KARARLARDAKİ İSABET ORANI YÜKSELDİ
İstinaf mahkemelerinin mahkeme kararlarındaki isabet oranlarını da önemli derecede artırdığını söyleyen Bozdağ, "İkinci derecede yargılama yapan istinaf mahkemeleri, ilk derece mahkemelerinde görülen ve karara bağlanan kararların ve dosyaların daha kıdemli heyet halinde dairede ele alınması ve karara bağlanması hiç şüphesiz kararlardaki isabet oranını da yükseltmiştir. Bunu rakamlar söylüyor.
2021 yılı kesin verilerine göre BAM hukuk dairelerinin verdiği kararların temyiz incelemesine gidenlerin onama oranı yüzde 88, bozma oranı yüzde 12'dir. Ceza dairelerine gidenlerin onama oranı yüzde 88.9, bozma oranı yüzde 11.1'dir. Yüksek mahkemelerimiz hem bölge adliye mahkemelerinin hem de bölge istinaf mahkemelerinin verdiği kararların doğruluğunu verdikleri onama kararlarıyla tescil etmektedir. Ayrıca vatandaşlarımızın hem BAM hem de BİM'de aldıkları kararları temyiz hakkı oldukları halde büyük oranın da temyiz hakkından vazgeçtiğini görüyoruz. Bu rakamları da işin içine kattığınızda onama oranlarının kararların isabet oranının yüzde 90'ın üstündedir.

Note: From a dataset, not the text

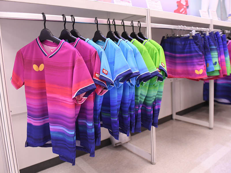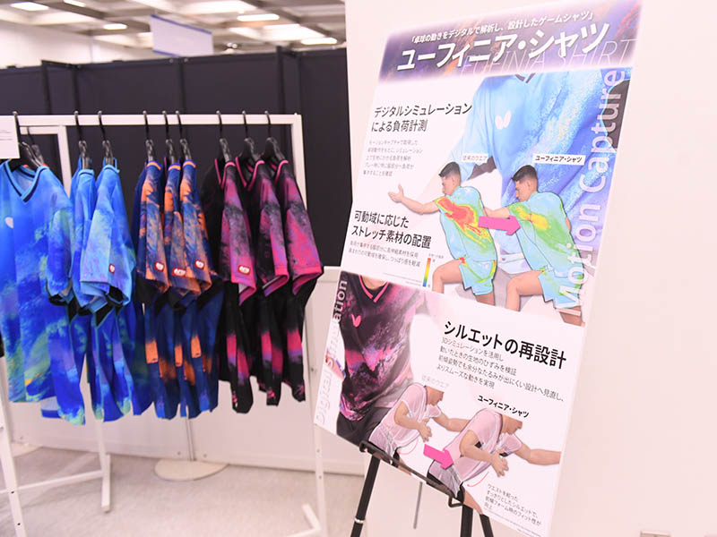 卓球の動きをデジタル解析したうえで設計したという『ユーフィニア・シャツ』。卓球のすべてにおいて科学的アプローチを続けるバタフライ開発陣の研究心はさすがだ

Bu son derece kıymetli bir sonuçtur" ifadelerini kullandı.
İSTİNAFA GÜVEN ARTIYOR
İstinaf mahkemeleri kararlarına her geçen gün güvenin artığını söyleyen Bakan Bozdağ, "bir yanlış anlaşılmada şuradan çıkıyor; bunca istinaf mahkemesi var, bunca daire var. Dolayısıyla istinafta kesinleşen benzer konulardaki kararlar arasında uyuşmazlık çıktığında bu karar uyuşmazlıkları nasıl giderilecek, bu mekanizma yok diye bir değerlendirme yapılıyor. İstinafın verdiği kesin nitelikteki benzer konulardaki kararlar arasında uyuşmazlık bulunduğunda bu uyuşmazlığı giderecek usulü gösteren yeterli kurallarımız bu usulü işletecek görevlilerimiz yasalarımızda çok açık ve tartışmadan uzak bir şekilde tayin edilmiştir. Belki bu değerlendirmeyi yapanlar yasalardaki bu düzenlemeyi ya bilmiyorlar ya da bilerek bunu farklı değerlendiriyorlar. Bilerek farklı düşündüklerini istemem. Ama bilmeden böyle bir değerlendirme yapıyorlarsa bundan sonra bir değerlendirme yaparken yasal durum nedir uygulama nedir ona bakmak gerektiğini düşünür. Eğer oraya bakarlarsa o zaman göreceklerdir ki Yargıtay ve Danıştay istinafın kesin verdiği kararlar benzer konularda uyuşmazlık taşıyorsa önüne geldiği zaman bunu değerlendirip içtihat birliğini karar birliğini sağladığını görüyoruz. Pek çok kişi bunu yüksek mahkemelerin önüne götürme yetkisine sahiptir. Bu nedenle kararlar arası uyuşmazlıkların kalıcı hale gelmesi söz konusu değildir. Zaman zaman ortaya çıkacak böyle uyuşmazlıkların Yargıtay ve Danıştay tarafından çözülerek bu farklılıkların ortadan kaldırılmasıyla uygulama içerisinde bunların oldukça azalacağını ifade etmek isterim" diye konuştu.
YENİ ADIMLAR ATACAĞIZ
İstinaf mahkemelerinin önünde pek çok sorun olduğuna dikkat çeken Bozdağ, "Bu toplantının bu sorunların çözümüne ve istinaf mahkemelerinin kuruluş amacına uygun daha başarılı, etkin faaliyette bulunmasına katkı sağlayacağına inanıyorum. Bakanlık olarak buradan çıkacak sonuçları bekliyor ve ona göre yeni adımları atacağımızı ifade etmek istiyorum" dedi.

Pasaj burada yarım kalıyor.